Appreciate it buddy, we try to work hard on keeping everything nice and appealing. There are lots of sweet trucks in this thread tho, gotta love the dmax!!!! 

got h2o, fleet looks real nice!


----------



## got-h2o (Sep 26, 2008)

Thanks!!!!


----------



## the new boss 92 (Nov 29, 2008)

got h2o, you dont like the new ultra mount mvps? or are the unis what you have laying around?


----------



## KMBertog (Sep 9, 2010)

great looking trucks, guys!


----------



## STIHL GUY (Sep 22, 2009)

wolfmobile8;1142858 said:


> Heres my 02 DMAX


i love this truck


----------



## 06dmax (Dec 6, 2010)

Heres my 06 LBZ Duramax. It has 72,000 miles and all the options but a sunroof. So far for mods i've cut the muffler off, installed an egr blocker plate, and put a ready lift leveling kit in it. Hopefully the next thing will be either EFI Live or a PPE tuner.


----------



## SnowMatt13 (Jan 8, 2003)

Got H2O, in your last pic, what kind of wheels are those.
They look exactally like my summer ones. I have Moto Metals.


----------



## 87chevy (Mar 11, 2009)

06dmax;1144025 said:


> Heres my 06 LBZ Duramax. It has 72,000 miles and all the options but a sunroof. So far for mods i've cut the muffler off, installed an egr blocker plate, and put a ready lift leveling kit in it. Hopefully the next thing will be either *EFI Live* or a PPE tuner.


Only way to go =D

Nice trucks fellas


----------



## Brandon29 (Jan 17, 2010)

This is a badass thread. My dirtymax doesnt plow snow yet but someday....

Keep the pics coming


----------



## got-h2o (Sep 26, 2008)

the new boss 92;1143873 said:


> got h2o, you dont like the new ultra mount mvps? or are the unis what you have laying around?
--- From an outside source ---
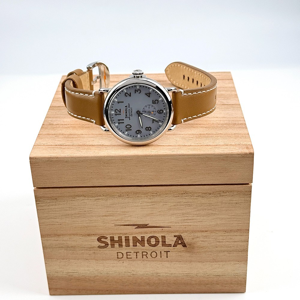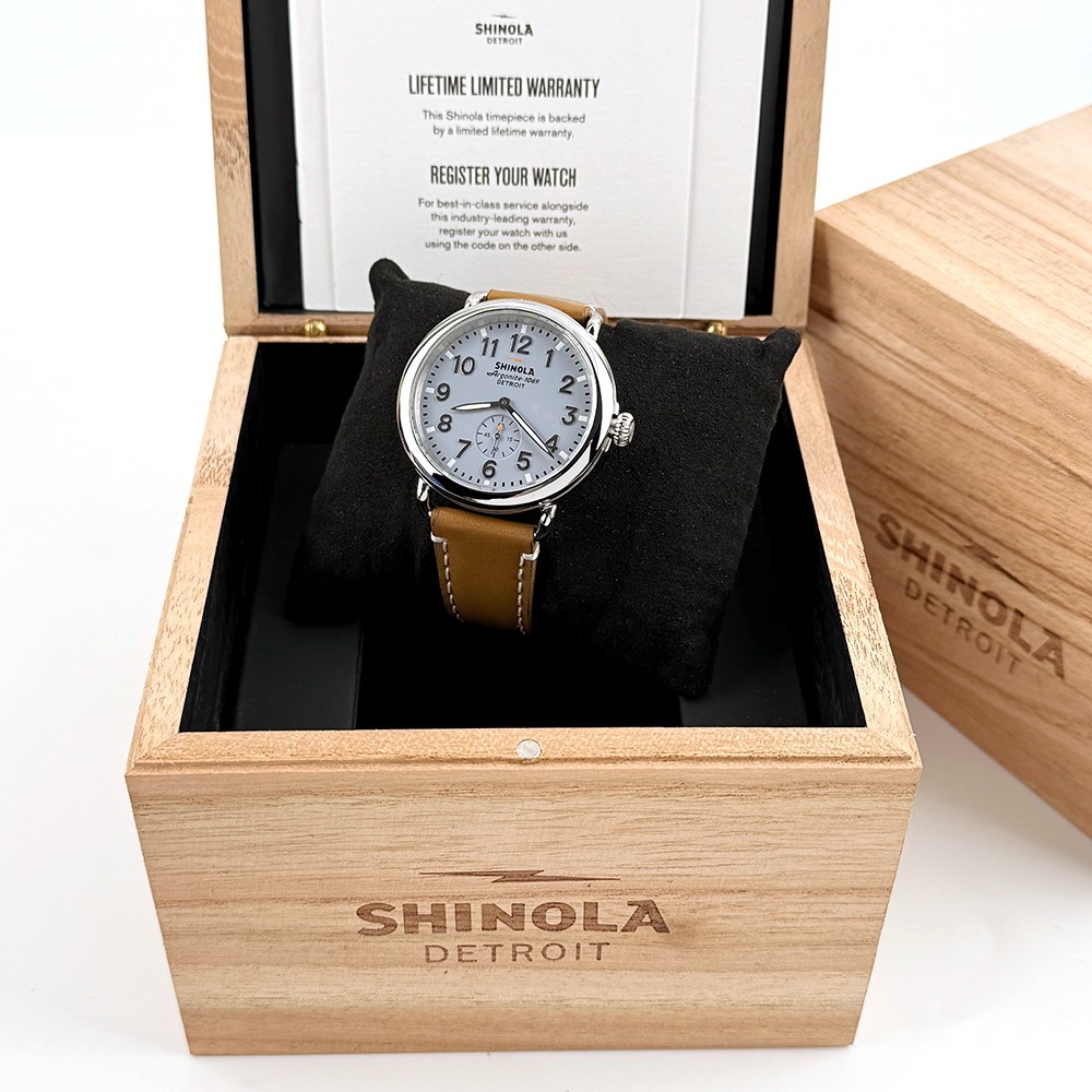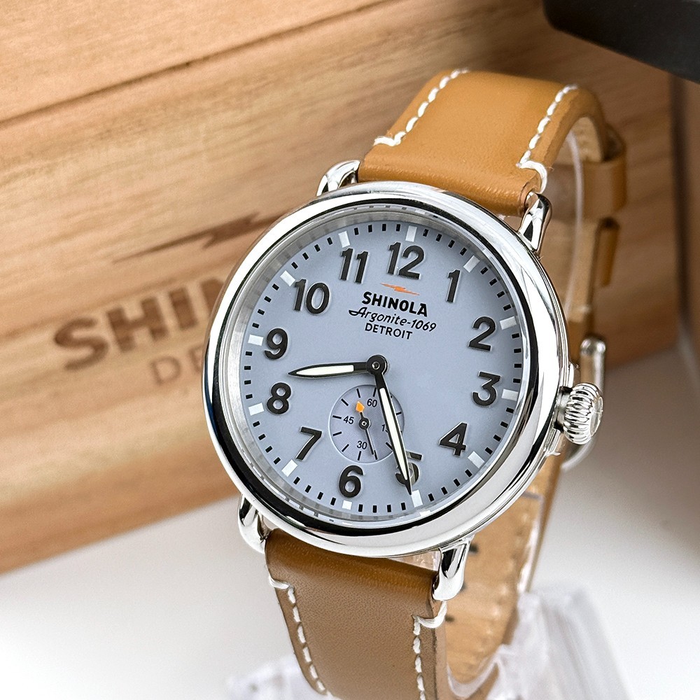 Shinola Runwell Men's Slate Blue Dial Tan Leather Strap Quartz Watch 41mm
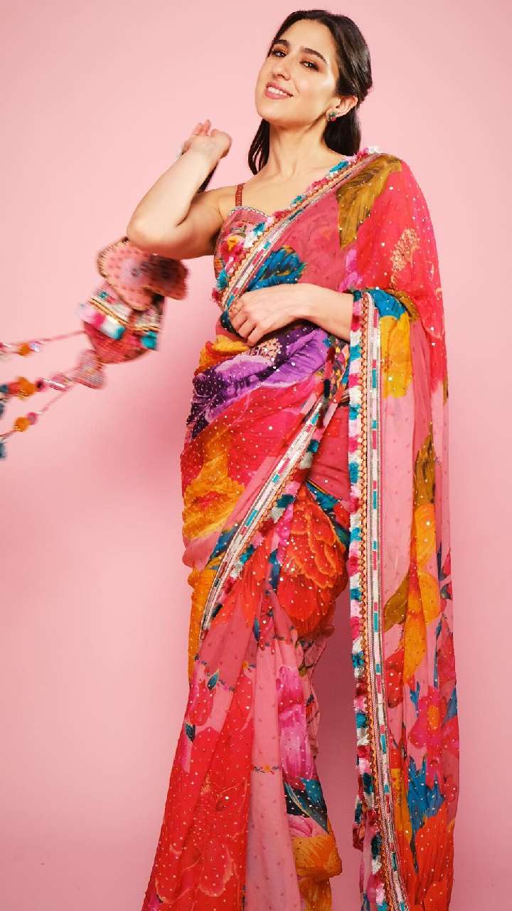 सारा अली खान की ये मल्टीकलर साड़ी भी काफी ज्यादा सुंदर लग रही है। आप भी इस समर ये मल्टी कलर साड़ी कैरी कर सकती हैं।

I guess I'm old school! Ya had them laying around and/or buy them to match the others, and I really don't like Ultras actually. My plows are clean and work great so I don't see the reason for spending $5-6k.......yet! I really like them with Ultra conversions b/c I can level the a-frames exactly where I want them. I run my lifted 05 as she sits with the conversion and it plows beautifully, nice and level. I also like having the same plows for other trucks so they can be interchangable.

I'm working my way out of them though, my F350 has an 8611 Blizzard and it makes a perfect combo with the truck and the lot its used on.



SnowMatt13;1144125 said:


> Got H2O, in your last pic, what kind of wheels are those.
> They look exactally like my summer ones. I have Moto Metals.


They are Moto's. You're right! That is actually the same truck on the left in the top pic.


----------



## William B. (Jul 22, 2004)




----------



## 87chevy (Mar 11, 2009)

I.. just fell in love with that truck...


----------



## bowtie_guy (Jan 1, 2004)

nice trucks!!

mine, 06 srw 3500.

Some pics i found quick on my webshots account.

Plows snow


Can tow dodge trucks which have blown clutches.


And then it can run the drag strip. Picture is older running 1/8 mile.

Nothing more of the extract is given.